UNITED STATES NUCLEAR REGULATORY COMMISSION ADVISORY COMMITTEE ON REACTOR SAFEGUARDS WASHINGTON, DC 20555 - 0001 March 25, 2020 Ms. Margaret M. Doane Executive Director for Operations U.S. Nuclear Regulatory Commission Washington, DC 20555-0001

SUBJECT:

NUSCALE POWER, LLC, DESIGN CERTIFICATION APPLICATION - SAFETY EVALUATION FOR TOPICAL REPORT, LOSS-OF-COOLANT ACCIDENT EVALUATION MODEL, TR-0516-49422, REVISION 1

Dear Ms. Doane:

During the 671st meeting of the Advisory Committee on Reactor Safeguards, March 5-6, 2020, we reviewed the NRC staffs safety evaluation (SE) report of the NuScale Power, LLC (NuScale), topical report TR-0516-49422 Revision 1, Loss-Of-Coolant Accident Evaluation Model. Our NuScale Subcommittee also reviewed this matter on February 19-20, 2020.

During these meetings, we had the benefit of discussions with the staff and representatives of NuScale. We also had the benefit of the referenced documents.

CONCLUSION AND RECOMMENDATION

1. The Loss-Of-Coolant Accident (LOCA) Evaluation Model topical report, with the limitations and conditions imposed by the staff SE report, provides an acceptable methodology to analyze the early stages of LOCAs prior to long-term cooling in the NuScale Power Module (NPM).
2. The staffs SE report should be issued.

BACKGROUND The NuScale LOCA Evaluation Model topical report documents an evaluation model for the analysis of system transient response to LOCA initiating events for the NPM. The evaluation model uses a modified version of the RELAP5 computer code, referred to as NRELAP5. The applicants long-term cooling analysis methodology is not part of the LOCA generic topical report.

DISCUSSION The LOCA evaluation model provides a methodology to analyze: the early stages of NuScale LOCA scenarios; the performance of the emergency core cooling system (ECCS); the inadvertent opening of ECCS valves; and peak containment pressure and temperature analysis.

The regulatory basis for these analyses is 10 CFR 50.46, and NuScale applies the conservative

M. Doane Title 10 of the Code of Federal Regulations, Part 50, Appendix K, ECCS Evaluation Models, methodology with more restrictive acceptance criteria.
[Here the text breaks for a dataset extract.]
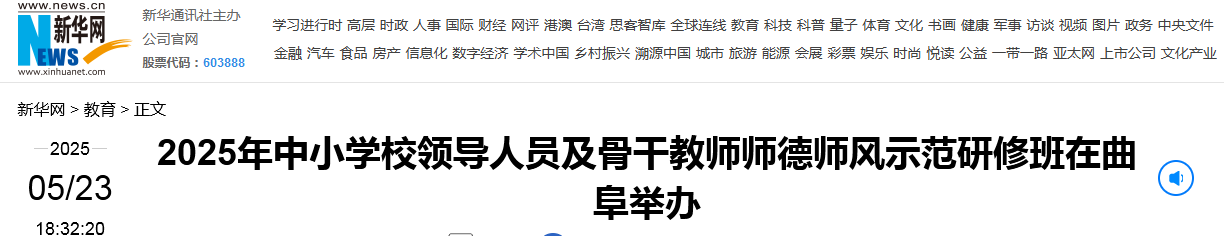 新华网北京5月23日电 近日,由教育部师德师风建设基地(半岛在线体育网)举办、田家炳基金会公益支持的2025年中小学校领导人员及骨干教师师德师风示范研修班在曲阜举办。来自全国31个省、自治区、直辖市和新疆生产建设兵团中小学校的110余名党组织书记、校长和骨干教师参加研修。

As opposed to the conventional LOCA fuel design criteria (e.g., peak cladding temperature limits), NuScale requires that the collapsed liquid level be maintained above the core, which ensures that the fuel is properly cooled during these transients.

Models and correlations used by NRELAP5 were reviewed and modified as required for use within the NuScale LOCA evaluation model, including: helical coil steam generator (SG) heat transfer and pressure drop; core critical heat flux (CHF); steam condensation heat transfer; critical flow break discharge; and interfacial drag for large diameter pipes like the riser. The NRELAP5 NPM model, including correlations and nodalization, was reviewed by the staff and found acceptable.
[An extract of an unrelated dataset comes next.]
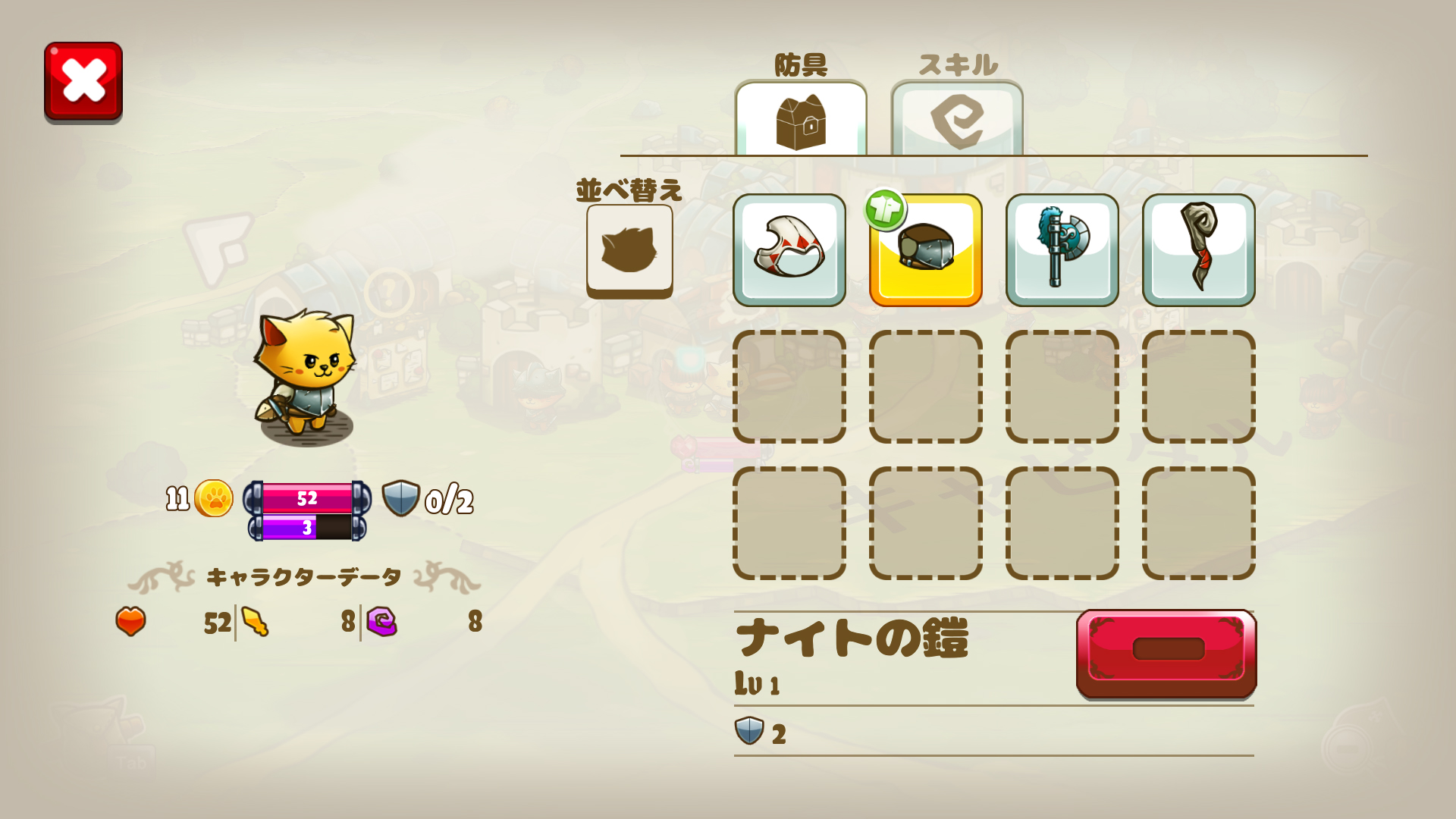 すべての装備を使って冒険家のネコを強化!呪文を唱えるのがお好きですか? アーケインフード、ローブ、杖を装備してマナを強化!攻撃から身を守りたいですか? 冒険家のネコにチェーンアーマーを装備して、体力を強化したり防御レベルを上げたりすることができます。 武器、防具、呪文を組み合わせることで、プレイスタイルに最適な状態を作り出すことができます。

The inadvertent opening of an ECCS valve results in the maximum calculated peak containment pressure. It is maximized by first opening an ECCS reactor recirculation valve, which reduces the effective volume of the containment by liquid accumulation. The peak pressure occurs when the steam-phase discharges through the ECCS reactor vent valves as a result of automatic ECCS actuation. The applicant has identified that staggering the valve opening times (assuming their maximum uncertainty ranges) increases the peak pressure. These LOCA calculations use conservative uncertainties and show margin to the containment American Society of Mechanical Engineers acceptance limits.

The staff has imposed nine limitations and conditions on the use of the topical report for NPM LOCA evaluations. The NuScale LOCA evaluation model is limited to the evaluation of LOCAs where: the critical heat flux is not exceeded; the collapsed liquid level remains above the top elevation of the core active fuel region for the full spectrum of break sizes and locations; and the containment peak temperature and pressure remain below the design limits. Application is limited to NRELAP5 version 1.4 with NRELAP5 NPM Model Revision 2 and cannot take credit for cooling by the decay heat removal system.

SUMMARY

The LOCA Evaluation Model topical report, with the limitations and conditions imposed by the staff SE report, provides an acceptable methodology to analyze the early stages of LOCAs prior to long-term cooling in the NPM. The staffs SE report should be issued.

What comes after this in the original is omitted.